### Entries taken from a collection
Start of Block

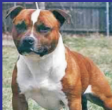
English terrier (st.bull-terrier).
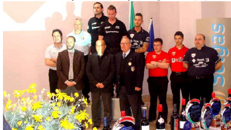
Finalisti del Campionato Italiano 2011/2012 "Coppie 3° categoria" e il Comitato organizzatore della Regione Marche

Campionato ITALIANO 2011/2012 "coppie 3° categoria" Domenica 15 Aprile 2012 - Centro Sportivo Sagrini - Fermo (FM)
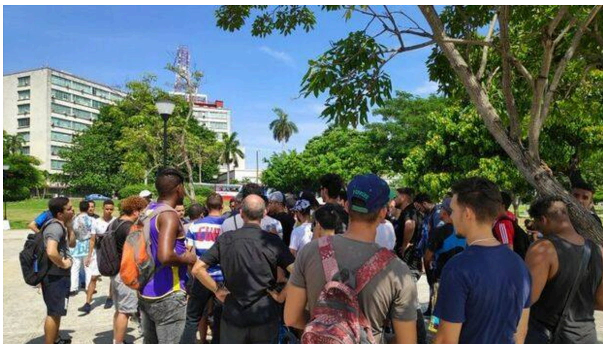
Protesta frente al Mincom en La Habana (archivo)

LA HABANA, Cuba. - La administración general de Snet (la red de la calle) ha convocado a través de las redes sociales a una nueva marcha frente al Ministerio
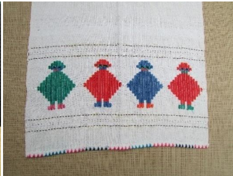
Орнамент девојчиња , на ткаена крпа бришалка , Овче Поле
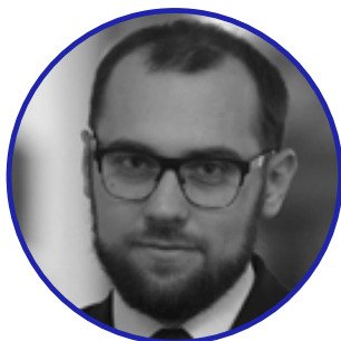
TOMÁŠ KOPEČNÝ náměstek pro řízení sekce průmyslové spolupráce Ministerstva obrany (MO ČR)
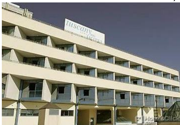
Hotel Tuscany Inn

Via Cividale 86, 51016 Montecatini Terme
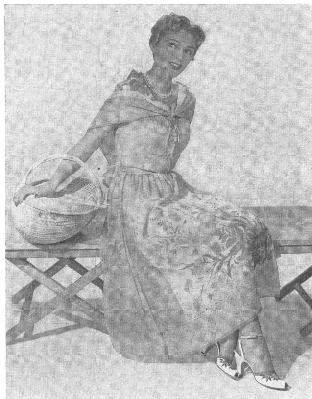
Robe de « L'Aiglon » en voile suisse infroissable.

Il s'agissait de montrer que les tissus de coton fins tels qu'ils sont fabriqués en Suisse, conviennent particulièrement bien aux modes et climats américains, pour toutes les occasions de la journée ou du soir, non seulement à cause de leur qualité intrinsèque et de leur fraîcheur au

End of Block
Start of Block

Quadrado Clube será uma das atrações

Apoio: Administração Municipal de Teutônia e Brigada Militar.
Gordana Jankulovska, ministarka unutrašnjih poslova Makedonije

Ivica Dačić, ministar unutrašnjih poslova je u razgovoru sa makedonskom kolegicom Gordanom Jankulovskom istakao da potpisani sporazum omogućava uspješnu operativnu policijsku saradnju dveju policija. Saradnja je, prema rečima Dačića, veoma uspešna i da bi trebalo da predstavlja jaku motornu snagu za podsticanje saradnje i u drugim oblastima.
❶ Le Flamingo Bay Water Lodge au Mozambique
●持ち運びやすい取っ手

End of Block

### Exercise details
Say how many lines in the entries include the word "poslova", with no text around the number.

### Response to this exercise
2